[WHAT TO PRODUCE]: In the material below, the line holding "Han Wenxiu, executive" and every line after it should be reproduced exactly, please, with pictures omitted.

[DATA SEGMENT]:
......

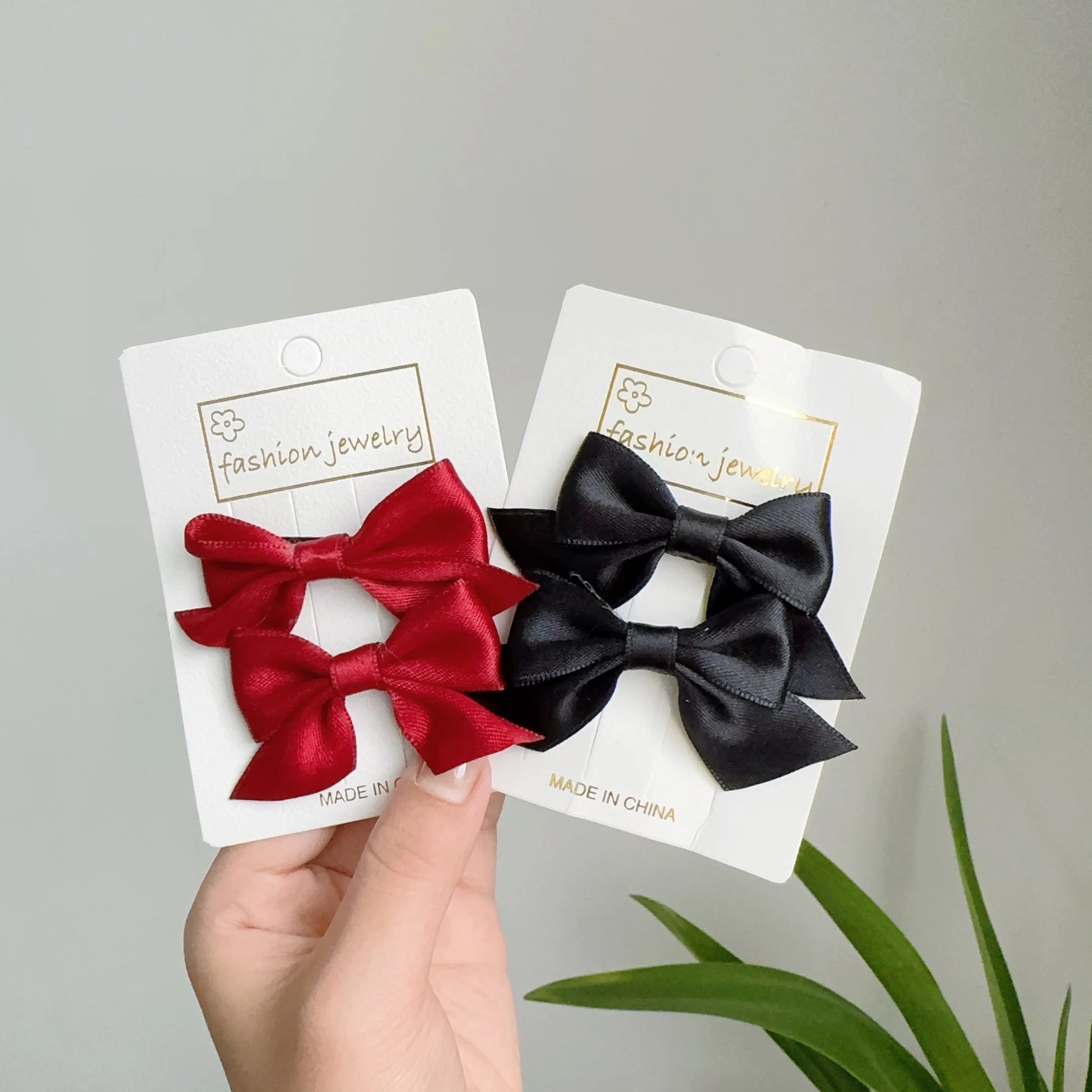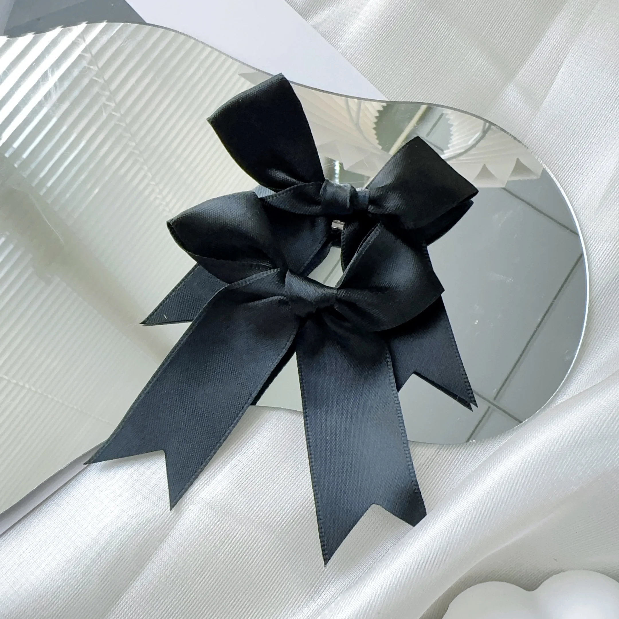 Color: Dark Grey - 2Pcs Starry Dots Red Velvet Bow Hair Pins Hair Clips Kids Girls Fashion Christmas Barrettes Ponytail Holder Headwear Accessories
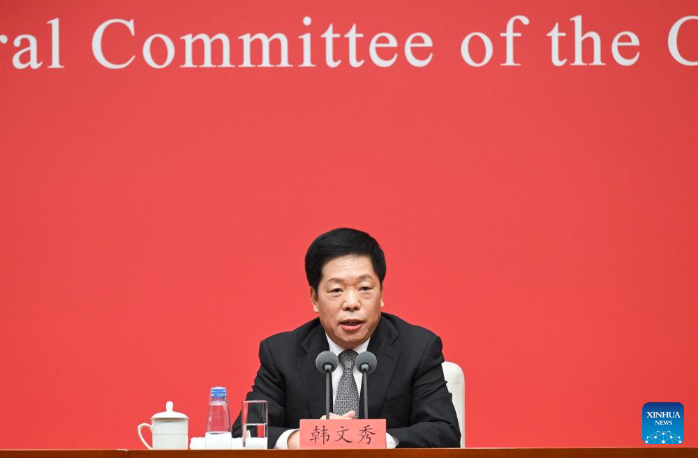 Han Wenxiu, executive deputy director of the Office of the Central Committee for Financial and Economic Affairs, speaks at a press conference held by the Communist Party of China (CPC) Central Committee on the guiding principles from the fourth plenary session of the 20th CPC Central Committee on Oct. 24, 2025. (Xinhua/Jin Liangkuai)
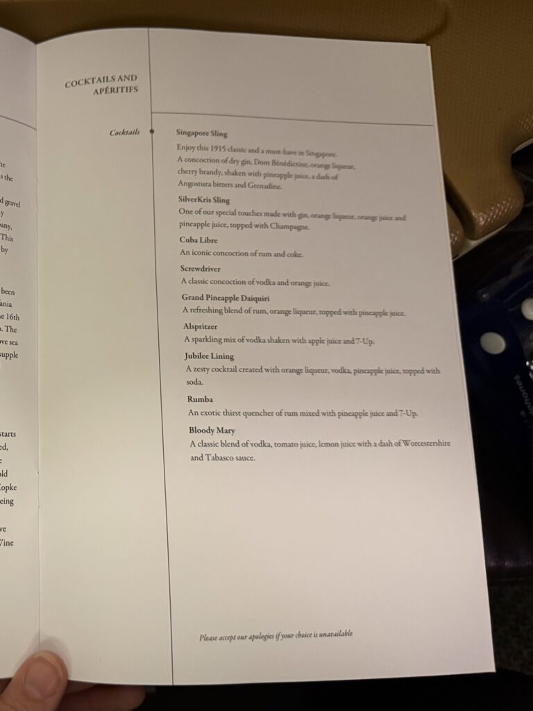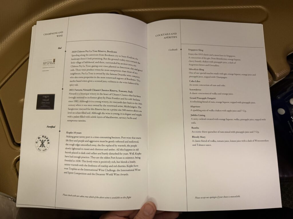 After she left, I actually took some time to read the menu. I saw that they had a long list of delightful cocktail options, including a Singapore Sling and a Grand Pineapple Daiquiri. I flagged down my flight attendant and asked if I could swap my drink order to a SilverKris Sling, their twist on the aforementioned classic. She was of course completely accommodating and did not make me feel like this was annoying nor weird (even though it probably was.)
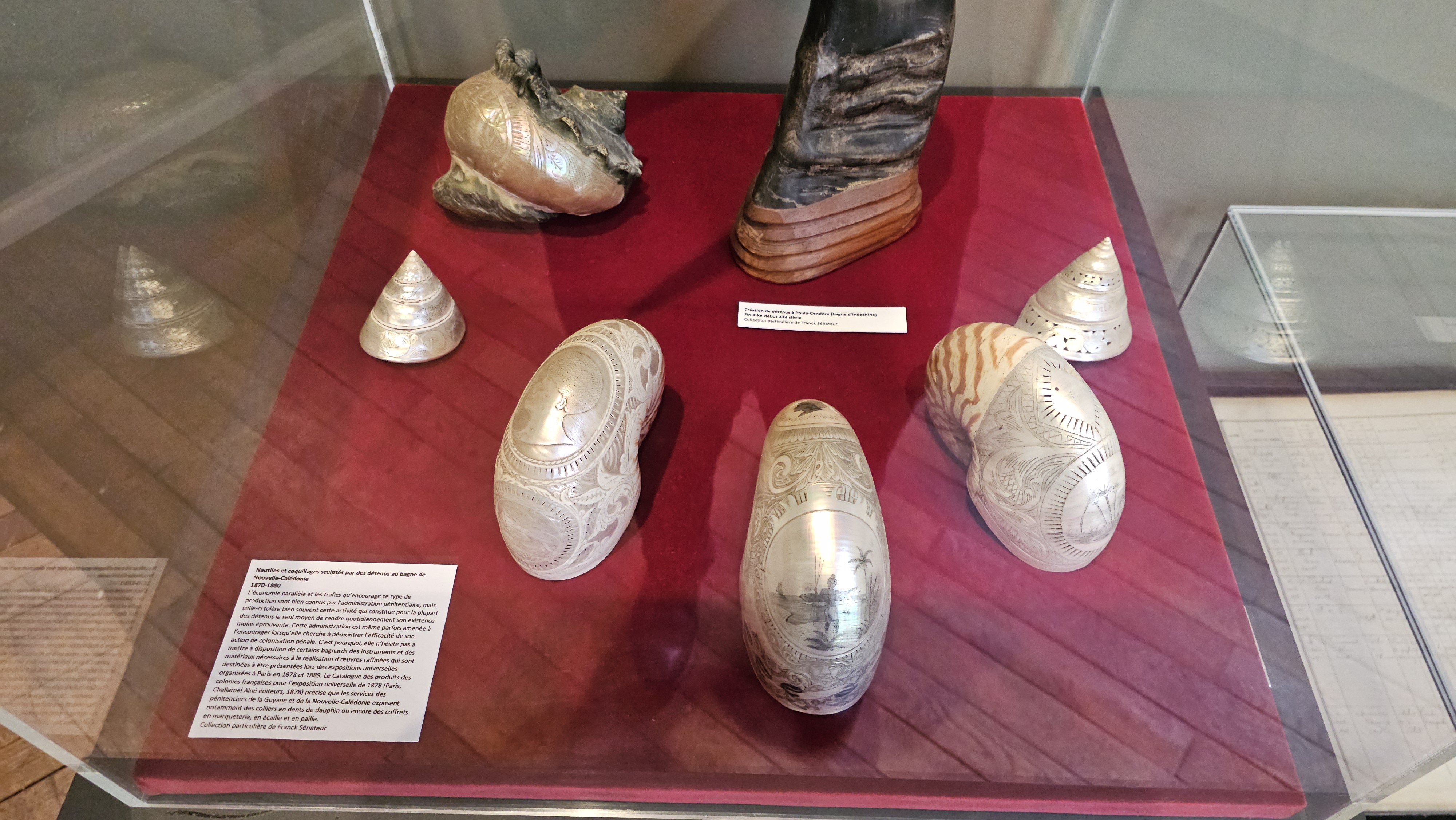 Nautiles gravés et coquillages sculptés © collection Franck Sénateur

......

[ANSWER BELOW]:
 Han Wenxiu, executive deputy director of the Office of the Central Committee for Financial and Economic Affairs, speaks at a press conference held by the Communist Party of China (CPC) Central Committee on the guiding principles from the fourth plenary session of the 20th CPC Central Committee on Oct. 24, 2025. (Xinhua/Jin Liangkuai)
 After she left, I actually took some time to read the menu. I saw that they had a long list of delightful cocktail options, including a Singapore Sling and a Grand Pineapple Daiquiri. I flagged down my flight attendant and asked if I could swap my drink order to a SilverKris Sling, their twist on the aforementioned classic. She was of course completely accommodating and did not make me feel like this was annoying nor weird (even though it probably was.)
 Nautiles gravés et coquillages sculptés © collection Franck Sénateur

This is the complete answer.